Crow jerked his hand away from the bumper. “You sure you know what you’re doing?”
“Son, I been fixin’ starters since hand crankers.” He squinted his eyes down to slits and jammed the bare wires against the starter connections. Instinctively, Crow jumped up and backed away from the truck. The engine roared and turned over once, followed by a metallic scream of protest, a loud popping sound, and a flurry of sparks. A cloud of smoke rose up through the engine compartment.
Crow crouched down and peered under the truck.
“Sam? You okay?”
As the smoke dissipated he could see his father’s soot-blackened face. Sam’s eyes were open wider than usual, and his cigarette terminated in a frayed mass of tobacco shreds.
“Way-ell,” he said, “she’s cooked now!”
For the past two weeks, Crow had been working out afternoons, in part because he’d been having trouble getting out of bed, and partly because he wished to avoid Beaut Miller, whose latest intimidation technique was to wear a pair of dark wraparound sunglasses and stare at Crow from across the room while lifting some outrageously heavy weight.

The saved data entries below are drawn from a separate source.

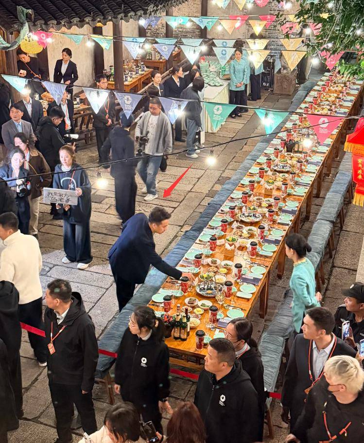 这场“长桌宴”在户外,不少普通游客都看到了在场的明星。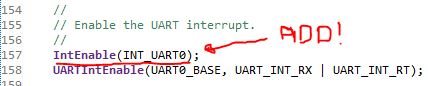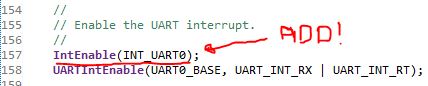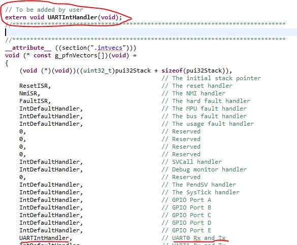 问题3: 我注意到我尚未在"tm4c1294ncppdt_startup_ccs_gcc.c"中初始化 UART0的中断处理程序您需要添加/编辑以红色突出显示的部分: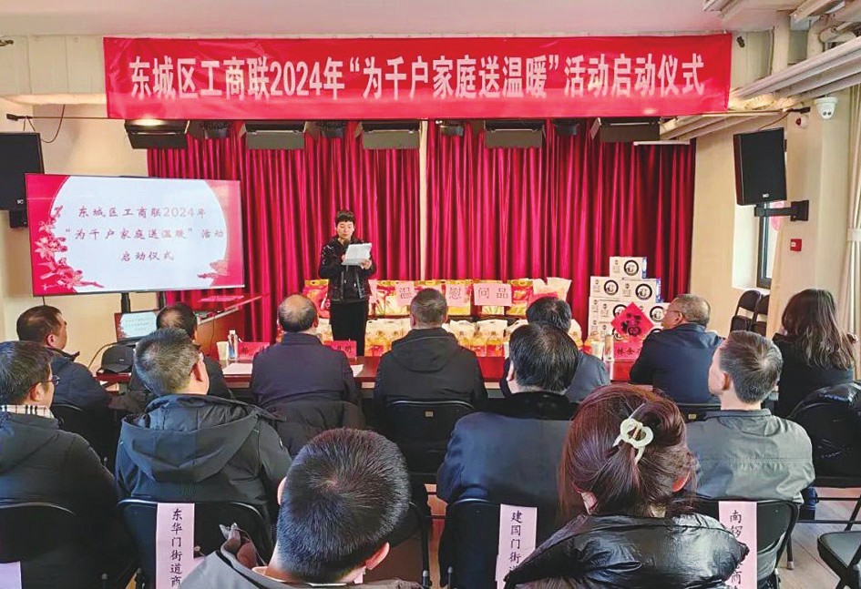 【本报讯】近日,北京市东城区工商联2024年“为千户家庭送温暖”活动启动。东城区委常委、统战部部长薛国强,区委统战部副部长、区工商联党组书记易月明,安定门街道工委书记李晓光等负责人出席活动,区工商联所属17个街道商会、东城园商会和青创会代表、社区居民及学生代表等50余人参加活动。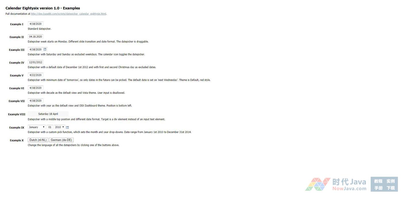 Calendar-eightysix是一款由jQuery和Mototools共同打造的日历插件,演示效果如上图所示,界面十分精巧美观,压缩包内自带的示例很丰富,有近10个之多,各式各样的调用方式一网打尽,希望大家认真研究示例文件,总有一种用法会让您满意的。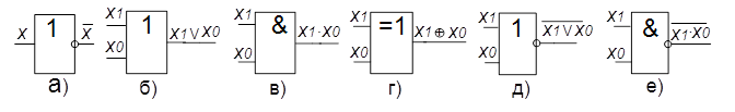 г) Исключающее ИЛИ, д) ИЛИ-НЕ, е) И-НЕ.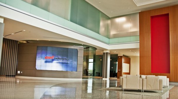 Bell Helicopter ha elegido los módulos omniSHAPES de eyevis para configurar el videowall convexo de 8,4 metros cuadrados que ha instalado en el vestíbulo de su recién remodelada sede en Fort Worth.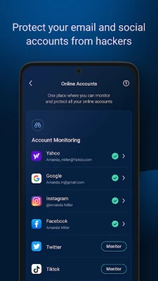 > Dark web monitoring for your breached passwords and personal information, keeping you informed if your information is compromised.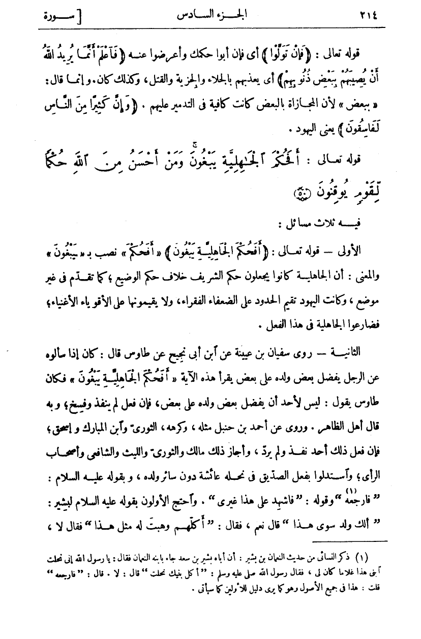 فِيهِ ثَلَاثُ مَسَائِلَ: الْأُولَى- قَوْلُهُ تَعَالَى: (أَفَحُكْمَ الْجاهِلِيَّةِ يَبْغُونَ) " أَفَحُكْمَ" نُصِبَ بِ"- يَبْغُونَ" وَالْمَعْنَى: أَنَّ الْجَاهِلِيَّةَ كَانُوا يَجْعَلُونَ حُكْمَ الشَّرِيفِ خِلَافَ حُكْمِ الْوَضِيعِ، كَمَا تَقَدَّمَ فِي غَيْرِ مَوْضِعٍ، وَكَانَتْ الْيَهُودُ تُقِيمُ الْحُدُودَ عَلَى الضُّعَفَاءِ الْفُقَرَاءِ، وَلَا يُقِيمُونَهَا عَلَى الْأَقْوِيَاءِ الْأَغْنِيَاءِ، فَضَارَعُوا الْجَاهِلِيَّةَ فِي هَذَا الْفِعْلِ. الثَّانِيَةُ- رَوَى سُفْيَانُ بْنُ عُيَيْنَةَ عَنِ ابْنِ أَبِي نَجِيحٍ عَنْ طَاوُسٍ قَالَ: كَانَ إِذَا سَأَلُوهُ عَنْ الرَّجُلِ يُفَضِّلُ بَعْضَ وَلَدِهِ عَلَى بَعْضٍ يَقْرَأُ هَذِهِ الْآيَةَ" أَفَحُكْمَ الْجاهِلِيَّةِ يَبْغُونَ" فَكَانَ طَاوُسٌ يَقُولُ: لَيْسَ لِأَحَدٍ أَنْ يُفَضِّلَ بَعْضَ وَلَدِهِ عَلَى بَعْضٍ، فَإِنْ فَعَلَ لَمْ يَنْفُذْ وَفُسِخَ، وَبِهِ قَالَ أَهْلُ الظَّاهِرِ. وَرُوِيَ عَنْ أَحْمَدَ بْنِ حَنْبَلٍ مِثْلُهُ، وَكَرِهَهُ، الثَّوْرِيُّ وَابْنُ الْمُبَارَكِ وَإِسْحَاقُ، فَإِنْ فَعَلَ ذَلِكَ أَحَدٌ نَفَذَ وَلَمْ يُرَدَّ، وَأَجَازَ ذَلِكَ مَالِكٌ وَالثَّوْرِيُّ وَاللَّيْثُ وَالشَّافِعِيُّ وَأَصْحَابُ الرَّأْيِ، وَاسْتَدَلُّوا بِفِعْلِ الصِّدِّيقِ فِي نَحْلِهِ عَائِشَةَ دُونَ سَائِرِ وَلَدِهِ، وَبِقَوْلِهِ عَلَيْهِ السَّلَامُ: (فَارْجِعْهُ) «١» وَقَوْلُهُ: (فَأَشْهِدْ عَلَى هَذَا غَيْرِي). وَاحْتَجَّ الْأَوَّلُونَ بِقَوْلِهِ عَلَيْهِ السَّلَامُ لِبَشِيرٍ: (أَلَكَ وَلَدٌ سِوَى هَذَا) قَالَ نَعَمْ، فَقَالَ: (أَكُلُّهُمْ وهبت له مثل هذا) فقال لا،

Beaut’s workouts had become alarmingly vigorous, and his overall size seemed to be increasing on a daily basis. Crow had considered confronting him again, but his more rational self decided that avoidance was a better long-term strategy.
Bigg Bodies, at two o’clock in the afternoon, was nearly deserted. Only one other person was using the facilities—a desperately pedaling woman on the recumbent stationary bike. Bigg had shut himself away in his office. The heavy metal tapes that blasted from the sound system mornings and evenings had been replaced by a talk radio station. Afternoons lacked the energy of mornings and early evenings, but Crow liked it. He’d been doing less lifting and putting more time in on the aerobic equipment, reading Sports Illustrated or Vogue or whatever he found in the box near the door. Today he’d lucked onto a nearly complete copy of the Star Tribune, only two days old.